Российские официальные лица, отрицавшие причастность России к военизированному беспределу на Донбассе, возлагали ответственность за конфликт на украинских националистов и политических лидеров, враждебно настроенных по отношению к России. Украинские военные оборонялись, наступали и отвоевывали отдельные зоны оккупированных территорий. Несмотря на постоянные вспышки напряжения и столкновения боевых отрядов, масштаб военного конфликта, как и масштаб человеческой трагедии, был недооценен. Его политический смысл — борьба Украины за самоопределение на фоне прогрессирующей мутации российского авторитаризма в диктатуру — окончательно прояснился лишь много позже.
Сегодня, спустя 10 лет после начала войны на востоке Украины, мы публикуем статью Станислава Васина, написанную в 2016 году и опубликованную тогда же в украинском издании «Зеркало недели». На фоне неутихающей российской агрессии этот текст, основанный на личных наблюдениях за ходом конфликта на Донбассе, представляет собой ценное свидетельство. Это не только статья, но и документ эпохи, позволяющий сквозь время ясно увидеть, на что похожа настоящая война и как она начиналась.
Напрашивается вопрос: quid prodest, кому это выгодно? Кто в очередной раз обстрелял Донецк и Макеевку, намеренно целясь по мирным кварталам? Казалось бы, это вопрос, который даже не стоит себе задавать: в зависимости от вашей политической окраски ответ на него очевиден. Но те, кто все еще считают себя здесь украинцами, знают, что за более чем два года оккупации ответ на него — своеобразный экзамен на понимание этой войны.

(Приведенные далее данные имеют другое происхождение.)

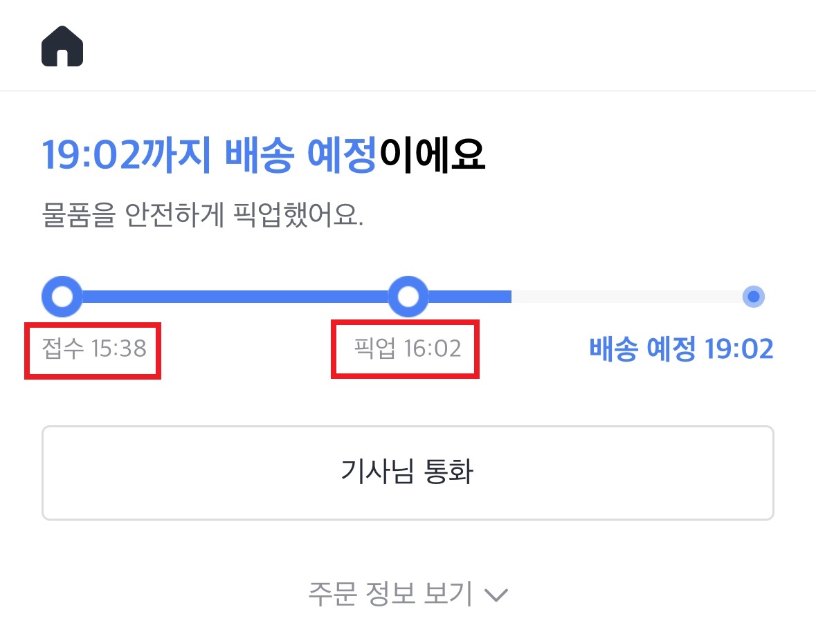 픽업시간으로부터 3시간 이내에 배송 예정이다.
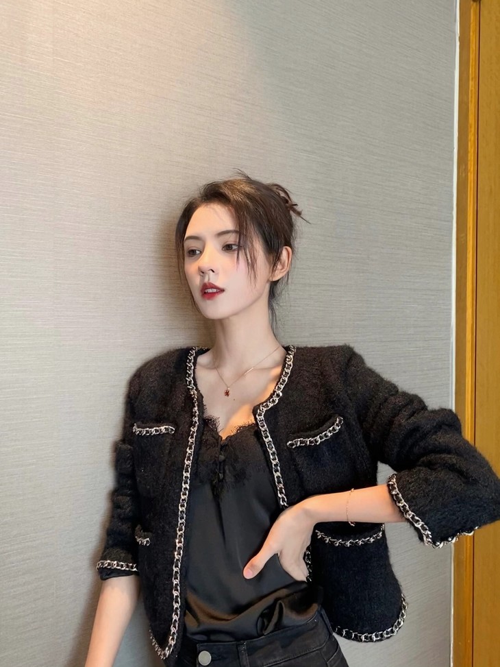 黑色小香风外套搭配蕾丝内衬

Вспоминается один из моих немногочисленных выездов на контролируемую территорию. Это было еще осенью 2015-го, когда я приехал в столицу. В столичном метро, на какой-то станции, спросил, как мне добраться до одной из точек города, после чего мой собеседник вежливо поинтересовался, откуда я сам. Ответ «из Донецка» явно его удивил, но лично меня куда сильнее удивила следующая его ремарка: «И как там — в Донецке, постреливают или тихо сейчас?». Помню, в тот момент я подумал, что мы действительно с ним из разной страны. И речь не идет об Украине. Эта страна — страна здравого смысла. Кто-то из нас — я так и не ответил себе, кто — явно за гранью этого «государства».
Это были первые сутки моего пребывания в Киеве. Еще вчера я покидал Донецк под оглушительный гром ночной канонады, раздававшейся у аэропорта, а четыре часа перед рассветом в очереди у блокпоста то и дело сопровождались треском пулеметов. Окраины Донецка в тот день в очередной раз были обстреляны, а мы снова потеряли бойцов, — но и боевики сообщили о трех погибших. Просидев несколько часов в морозной ночной очереди посреди поля, многие так и не решились выйти из автомобиля в туалет, потому что вместо уборных вокруг были редкие проржавевшие таблички — «мины». Все это пронеслось перед моими глазами буквально за секунду, пока я обдумывал, что же ответить человеку, который искренне спрашивает, «постреливают» ли в Донецке сейчас.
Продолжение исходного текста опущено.